If pushing rewards to degen jars represent such a small increase in the APY of those jars, it’s very reasonable to believe that no matter how much pickle we push towards that jar, it likely won’t make the jar more attractive to people who have thus far not joined it. Maybe the thing keeping people away are the 20% profit fee. A small 3% increase in PICKLE won’t really counteract those feelings. Maybe the thing keeping people away are the underlying itself (scared of ALCX for example). Maybe people like harvesting themselves because they have big stacks. The PICKLE rewards likely won’t overcome any hesitancy that people have about using PICKLE. In this respect, pickle rewards on degen jars are not likely to bring any additional profits to the platform. I truly believe this.
So where would pickle rewards actually bring more money to the platform? This is a tough question. So let’s analyze the other two possible places to put the rewards: stablecoin jars, and middle-tier jars. And when doing so, let’s remember our goal is to get as much money into the degen jars as possible.
Stablecoin jars are not likely to bring profit to the platform directly. We agree on this. But, a lot of people might use the stablecoin jars to test out the platform, dip their toe in the water, and engage with the community. Will we be able to convert stablecoin depositors to allocating a portion of their assets to degen jars? Maybe, if they join the chat, etc. The goal for stablecoin jars should be to attract TVL but more importantly show these people the community we’ve built, the discussions we have, and get them addicted.
Middle tier jars have a better outlook in my opinion. Jars that can make 30-50% are great for attracting people with a higher risk profile. These depositors are more likely to convert to some degen strategies if they lean towards degen, or are more likely to bring stablecoin TVL if they lean towards conservative.
Now, let’s address your proposal directly. I disagree with it, for a few reasons. First, it’d complicate the voting logic. Some people’s votes won’t count. Coming up with the weight math might be challenging, and explaining it might be even harder. Second, a lot of DILL holders felt that buying DILL was their “degen” strategy and they want to vote to boost their own stablecoins. This is a legitimate thing to do. In fact, if everyone who bought DILL also brought along $100k of stablecoins with them, those stablecoin jars might actually become profitable for the platform. Do I think it’s likely? No. Not really. But I think it’s fair, and it’d be unfair to force people into more risky strategies by removing the stablecoin options or nerfing them.
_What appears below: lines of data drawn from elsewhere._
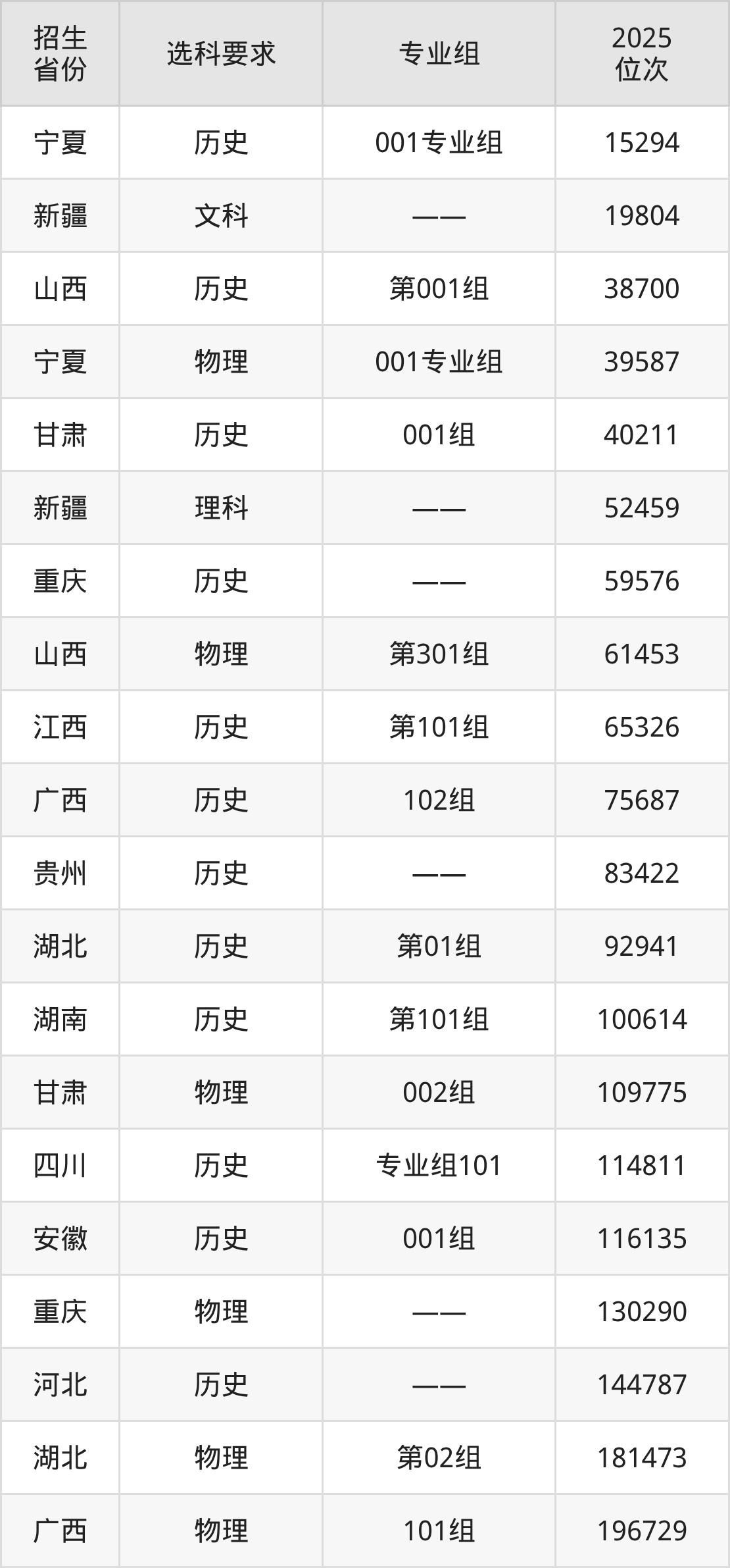 三明醫(yī)學科技職業(yè)學院2025年在全國各省的位次差異較大,最高位次是15294位(寧夏歷史類)、最低位次是326104位(河北物理類)。各省具體位次請看下圖:
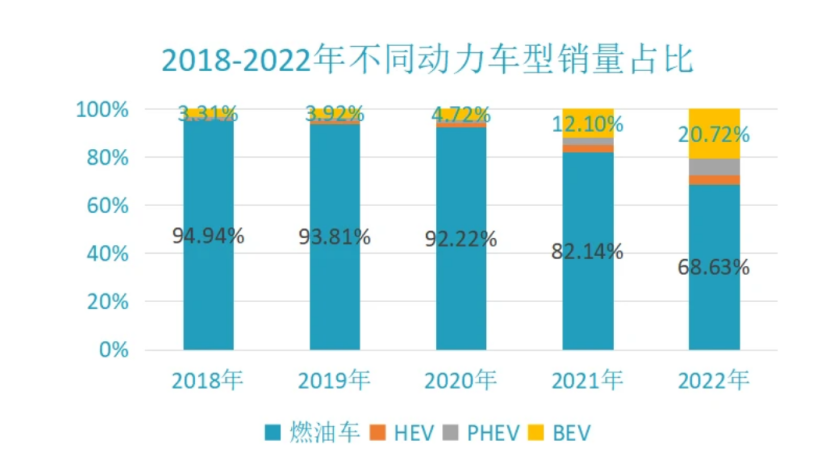 传统燃油车(乘用车)销量从2017年的2365万辆下滑至2022年的1488万辆,下滑幅度约36.84%。
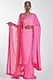 Featuring a neon pink pre-stitched saree in silk jersey base with crystals embroidery. It is paired with a matching blouse and an organza dupatta.
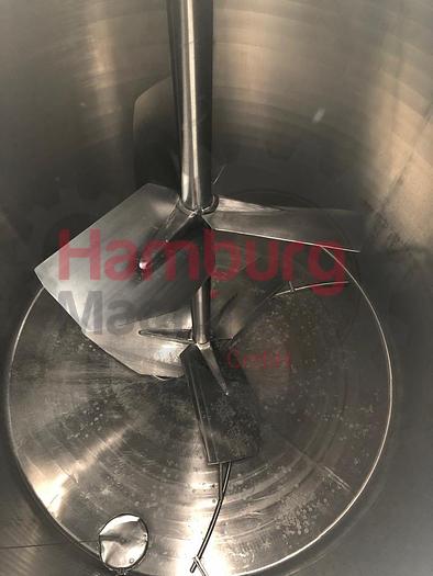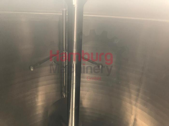 Double jacketed, isolated, process tank, previously used in a dairy factory as cream tank. Pressure in the jacket 3,5 bar. Pressure in the tank: ATM. Central placed propellor agitator with 2x big blades (diameter 1.280 - 1.600 mm) for gentle treatment of the product (cream). Motor agitator: 2,6/4,4 ...
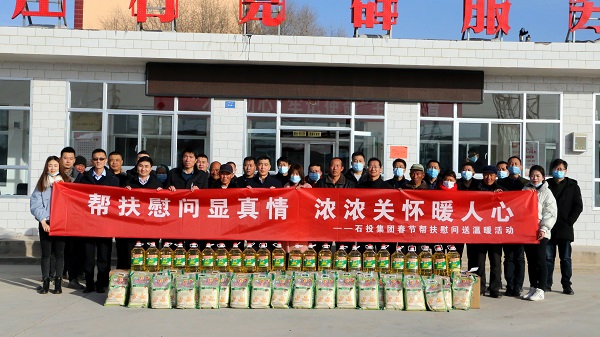 春节邻近,为使尹家庄村结对帮扶户过一个愉逸、祥和的节日,,,,切实把温暖送到群众心中,,,,2月7日上午,,,,石投集团组织开展了春节帮扶慰问送温暖运动。。
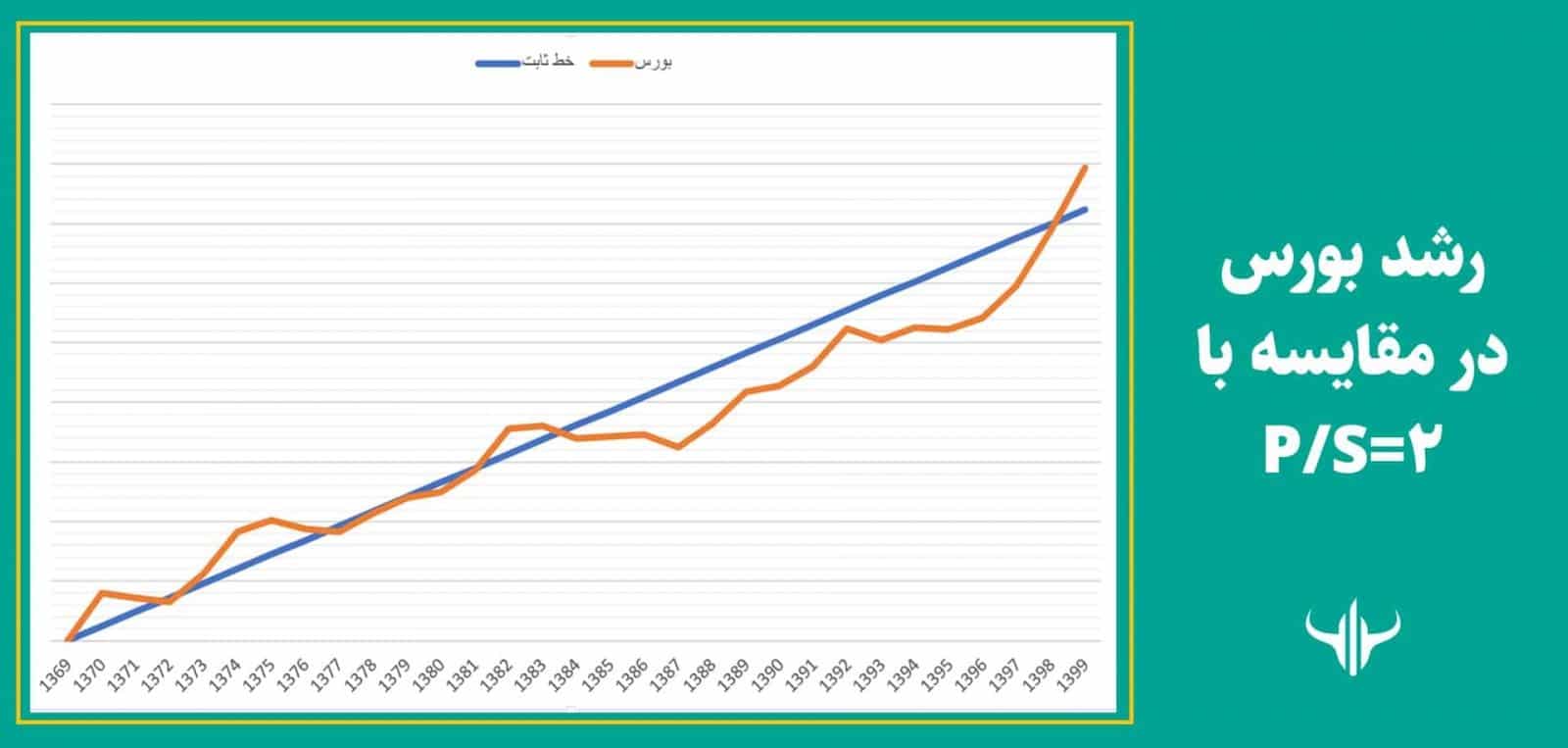 اگر قبول کنید که بازار دارد در اطراف خط ثابت 32 درصد نوسان میکند، یعنی پذیرفتهاید که رشد نقدینگی با نرخ متوسط 20 درصد و P/S برابر با 2، محرک اصلی بازار سرمایه هستند.
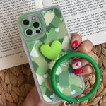 قاب موبایل آیفون تک دل حصیری سبز حلقه دار محافظ لنزدار
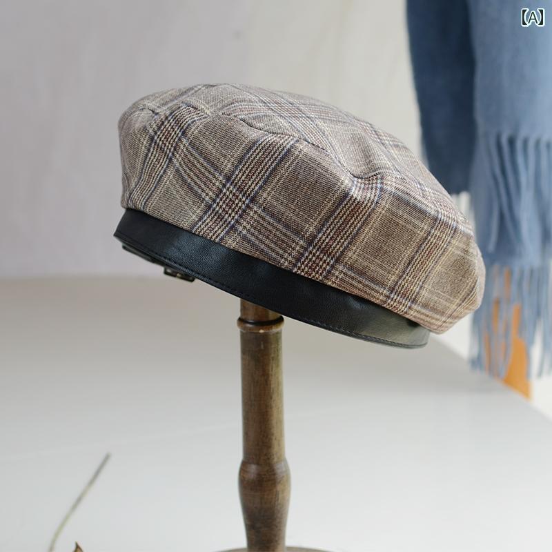 レディース ベレー 帽 秋 チェック 帽子 秋冬 韓国 レトロ 画家帽子 英国 画家帽子
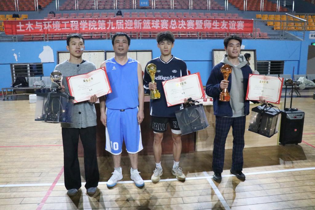 随后师生友谊赛正式开始。师生以篮球为媒介,双方友好交流互动,拉近彼此距离,赛场氛围轻松融洽。比赛结束后,球员与参赛老师握手致谢,土木与环境工程学院老师为本次迎新篮球赛获奖队伍颁奖。
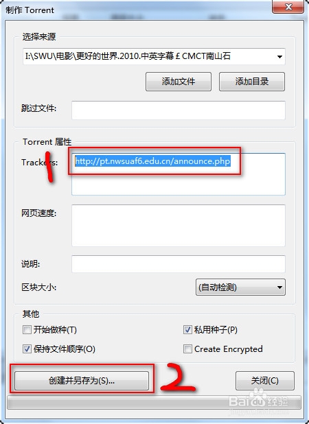 將tracker復(fù)制到utorrent的tracker屬性內(nèi)!其他信息不用管,一般默認(rèn)(具體每個PT站要求可能不一樣)。填寫好后,【點擊創(chuàng)建另存為】,保存種子存放路徑。步驟如下圖:
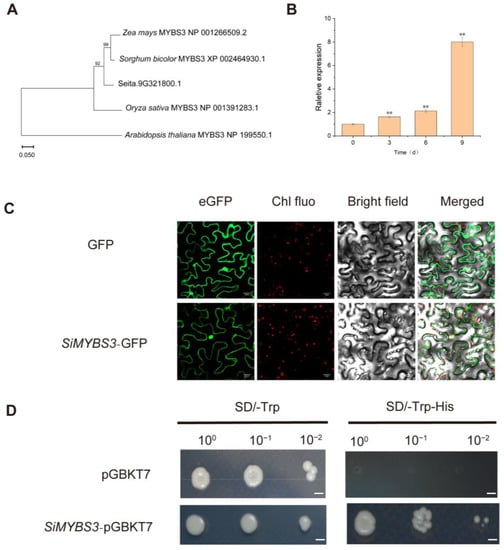 Among the three candidate genes, Seita.9G321800 encoded an MYB TF family member and showed high similarity to maize, rice, and sorghum MYBS3 genes (Figure 4A). As the rice MYBS3 gene was known to be associated with abiotic stress, we chose Seita.9G321800 as a candidate gene for further research and named it SiMYBS3.
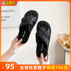 大码女鞋41到43外穿拖鞋2w024新款夏季厚底沙滩交叉带凉拖旅游度
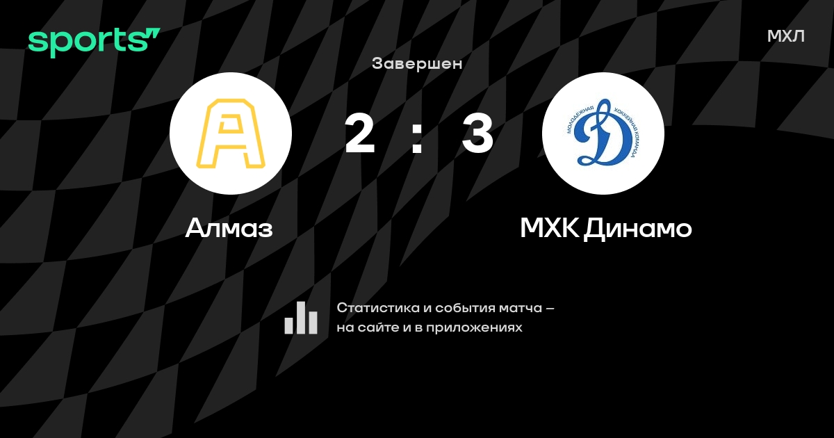 В прошедшем матче в рамках турнира МХЛ состоялась встреча команд Алмаз - МХК Динамо в городе Череповец (Россия) на стадионе Ледовый дворец (вместимость - 6000)

Also, I believe this problem will likely go away shortly anyway. Right now there is only 1 jar that fits this criteria, the yearn USDC jar. As TVL goes up, and people spread their money around, PICKLE rewards are also likely to spread out. Don’t forget that the current weights also aren’t completely accurate. While the Yearn USDC claims to have 17.5% of emissions currently, that’s actually only 17.5% of ethereum mainnet emissions, which account for 2/3 of total emissions. So the yearn USDC is actually down near 11% of total emissions.
Pumping one’s own bags was one of the original draws of buying DILL. You buy DILL and you can pump your bags. If we remove that or nerf that, I feel we’re breaking a promise to the community. For this reason, I think we should not move on this suggestion at this time.